Bank of America NYSE:BAC technical strategist Paul Ciana is cautioning that U.S. equities could face a corrective phase in the third quarter. The bank's analysis suggests the powerful first-half rally may be losing momentum as stretched valuations and weakening indicators point to potential consolidation.
The S&P 500 has already reached Bank of America's 2026 target of 7,431 and approached its more optimistic 7,741 level after hitting a record 7,621 in early June. The firm has advised clients since late May to add portfolio hedges during market rallies and reassess conditions later in the year.
Technical indicators show the recent rally may be losing steam, with Bank of America seeing the possibility of a correction that could push the S&P 500 toward support levels around 7,122 or below 7,000. The bank warned that any brief move to new highs near its 7,741 target could prove to be a "bull trap."
Margin debt, which measures borrowed money used to buy stocks, rose 54% from a year earlier through May, approaching levels historically associated with major market peaks.

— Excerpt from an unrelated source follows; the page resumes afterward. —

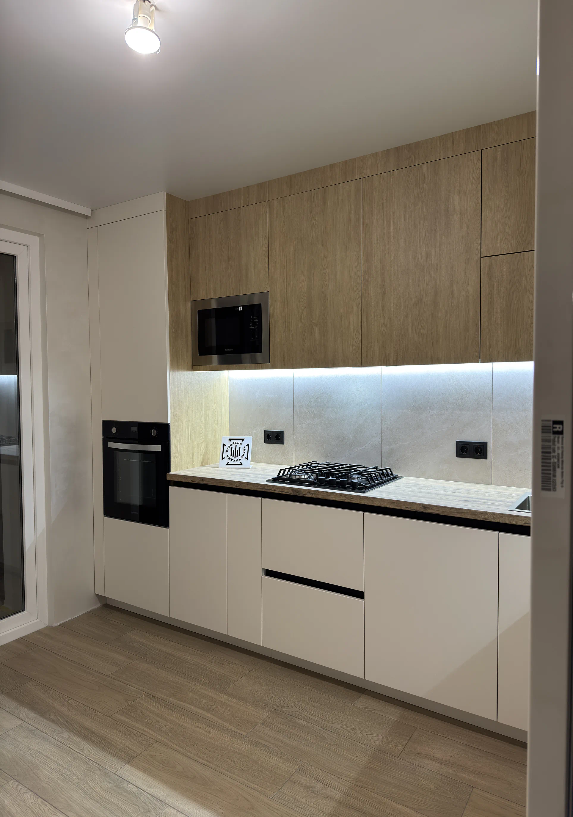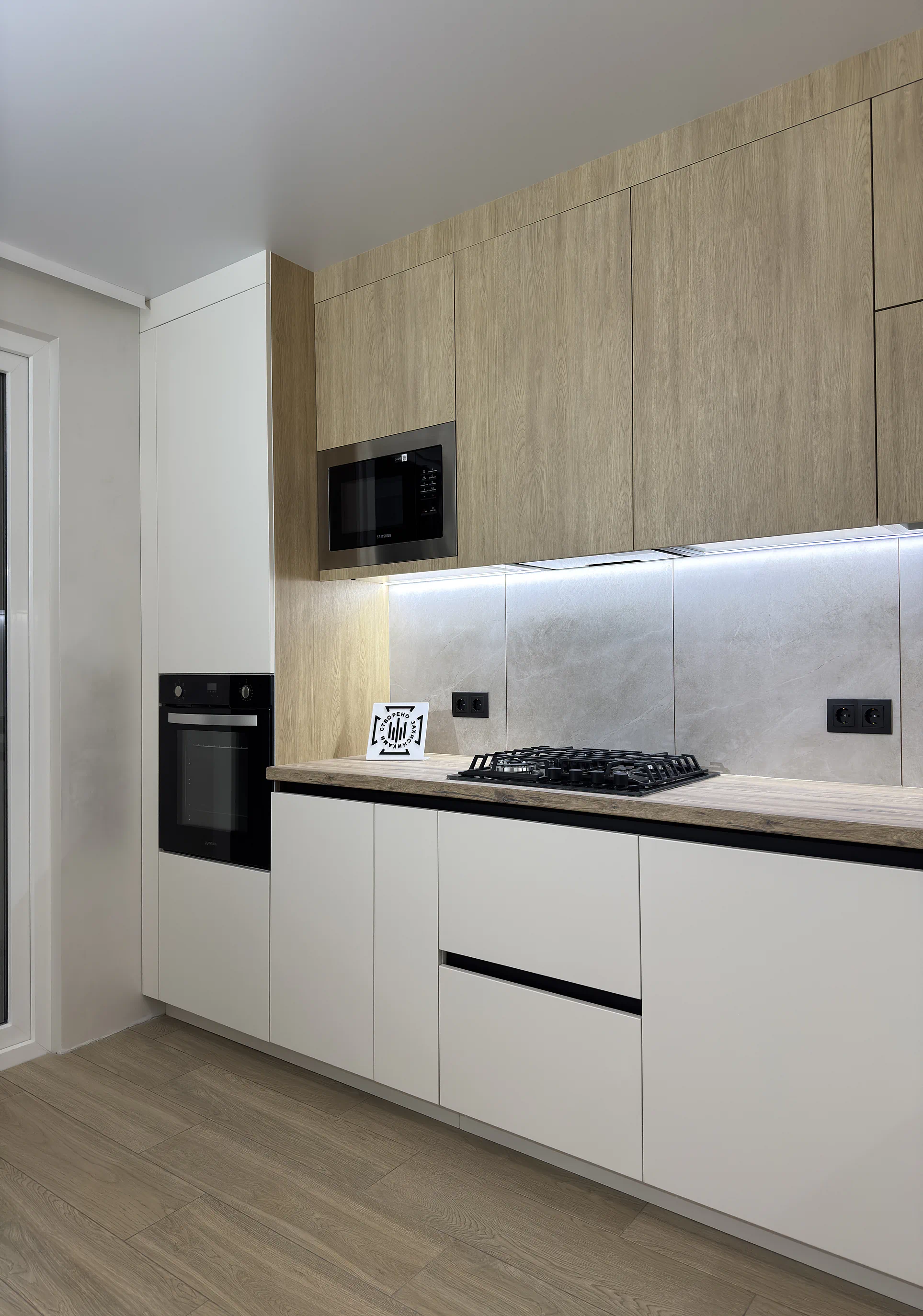 У цій кухні на замовлення поєднані світлий низ, високий пенал із вбудованою технікою та верхні фасади з деревною текстурою. Саме таке рішення робить кухню візуально теплішою, живішою і менш стерильною, ніж повністю однотонні варіанти.

Bank of America said continued growth above 60% would increase correction risks.
For energy investors, Bank of America expects Brent crude oil to stabilize in a range of roughly $65 to $85 per barrel during the second half of 2026. Despite near-term caution, the bank noted post-midterm-election periods have historically supported equities and said a year-end rally remains possible if the anticipated summer correction runs its course.